Home Takeda's Recombinant von Willebrand Factor (rVWF) Vonicog alfa NDA Accepted for Review in China

Takeda's Recombinant von Willebrand Factor (rVWF) Vonicog alfa NDA Accepted for Review in China

Jan 07, 2023 14:01 CST Updated 14:01
Takeda

Biopharmaceutical Manufacturer

ShanghaiJanuary 7, 2023PR Newswire -- Takeda China announced today that its innovative drug, recombinant von Willebrand Factor (rVWF) for injection, Vonicog alfa[1]The New Drug Application (NDA) has been officially accepted by the Center for Drug Evaluation of the National Medical Products Administration, intended for on-demand treatment and bleeding event control in adult patients with von Willebrand Disease (18 years and above), as well as perioperative bleeding management. Vonicog alfa[1]Is the world's first and only recombinant von Willebrand factor product to date. [2], is expected to bring a new treatment option for adult patients with vascular hemophilia in China.

Von Willebrand disease is one of the common hereditary bleeding disorders, primarily caused by mutations in the von Willebrand factor (VWF) gene, leading to a reduced quantity or abnormal quality of von Willebrand factor in plasma.[3]As one of the important plasma components in the human body, von Willebrand Factor (VWF) mediates platelet adhesion to vascular injury sites and acts as a carrier for coagulation factor VIII (FVIII), stabilizing coagulation factor VIII.[3]
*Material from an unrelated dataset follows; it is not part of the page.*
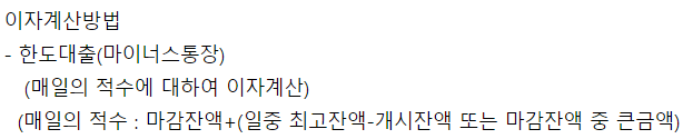이 상품은 마이너스통장 방식의 상품으로 마이너스통장대출은 대출한도가 얼마가 나오던 쓴 만큼의 금액에 대해서만 대출의 이자가 발생합니다.
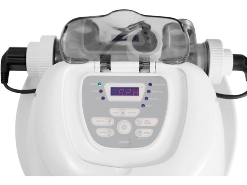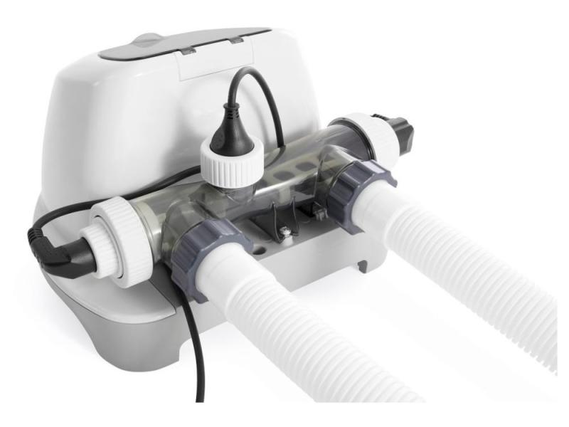 Chlorinátor s integrovaným systémem elektolýzy soli redukuje potřebné množství chlóru až o 70 %. Vhodný pro všechny nadzemní bazény Intex i jiné do objemu vody 26,5 m2

When von Willebrand factor is dysfunctional or deficient, blood cannot clot effectively, and patients may experience varying degrees of bleeding manifestations, primarily skin and mucosal bleeding, characterized by petechiae, ecchymoses, epistaxis, gingival bleeding, menorrhagia in women, and severe cases may involve internal bleeding.[4], which has a serious impact on the quality of life. In addition, patients with vascular hemophilia who require surgery face higher risks of bleeding and complications such as thrombosis, urgently needing more efficient bleeding management solutions to meet the critical clinical treatment needs of patients. [5]

Vonicog alfa for Injection[1]Contains complete VWF multimers, including ultra-large multimers (ULMs), with a long half-life, effectively achieving replacement therapy for von Willebrand disease and providing patients with personalized bleeding control methods.[6]. In the Phase 3 on-demand treatment clinical trial, injectable Vonicog alfa was evaluated.[1]The hemostatic efficacy for adult patients (18 years and above) with von Willebrand disease was studied, evaluating different on-demand treatment strategies with or without recombinant factor VIII for the control of bleeding episodes. The results showed that all injectable Vonicog alfa...[1]Bleeding events were controlled in subjects with or without concomitant use of recombinant coagulation factor FVIII, with efficacy rated as excellent (96.9%) or good (3.1%), and all bleeding events of any severity were successfully managed.[6]

In addition, in another prospective, open-label, multicenter trial, the use of Vonicog alfa for injection was evaluated in adult patients (18 years and older) with severe von Willebrand disease undergoing elective surgical procedures.[1]Hemostatic efficacy and safety with or without recombinant coagulation factor FVIII: Study results showed that the overall hemostatic efficacy for major and minor surgeries was 100% (15/15). Among these, the overall hemostatic efficacy was rated as excellent for 60% of the surgeries and good for 40% of the surgeries.[6]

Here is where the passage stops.